Samaggi Samagom ("Samaggi"), The Thai Association in the UK, was established in 1901 by King Rama VI of Thailand.[1] Samaggi Samagom is Thailand's only student association under royal patronage. It adheres to its original purpose as a locus for Thai students, roughly 10,000 in the UK, to connect with one another. The Thai Embassy in London and its Office of Educational Affairs (OEA) has a large presence in the association's activities, with embassy representatives, and sometimes the ambassadors themselves, attending Samaggi Samagom events. The close working relationship is reflected in a Samaggi office located inside the OEA, but mostly by embassy funding of Samaggi's academic events. Details of each event, the aim and budget, must be submitted to the embassy and OEA for prior approval.Samaggi Samagom organises many events for the Thai community in the UK, including Samaggi Karaoke Night, Samaggi Bowling Competition, and seminars. The major events organised by Samaggi Samagom are the Samaggi Games and Samaggi Night, a concert. The association’s recreational events, such as its annual concert and sports day, are funded by Thai companies.

Samaggi Games

Samaggi Samagom's biggest event is the annual Samaggi Games.[2] This is a sports day that involves several thousands of people, and is well attended by most Thai students as well as Thai expatriate workers in the UK. Many Thai companies use this opportunity to advertise their respective firms. The firms range from PTTto small Thai restaurants in the UK wishing to reach a broader market.[3] Samaggi Games is open to all Thai students in the UK and hosts more than 1,000 Thai students from around the UK who come to play and support the games.
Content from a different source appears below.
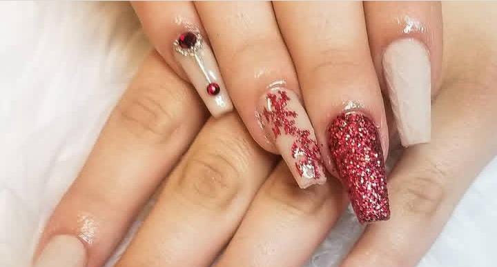 Nude nails are dressed up with red glitter, tiny gems, and delicate red snowflake patterns for a winter holiday-ready look. It’s soft, sparkly, and perfect for anyone wanting a touch of red.

Sports such as football, basketball, tennis, badminton, table tennis, squash, chair ball, and traditional Thai games such as Thai chess are contested.

Samaggi seminars

Seminars held by Samaggi in 2007 included the "Happiness Index", a talk by researcher Khun Nattavudh Powdthavee on the measurement of happiness; a talk by Gordon Bennett from Amnesty International on the death penalty; and a seminar on the future of Thailand's 18th constitution, which was being drafted at the time, led by Peter Leyland, a professor of public law at SOAS, University of London, and London Metropolitan University.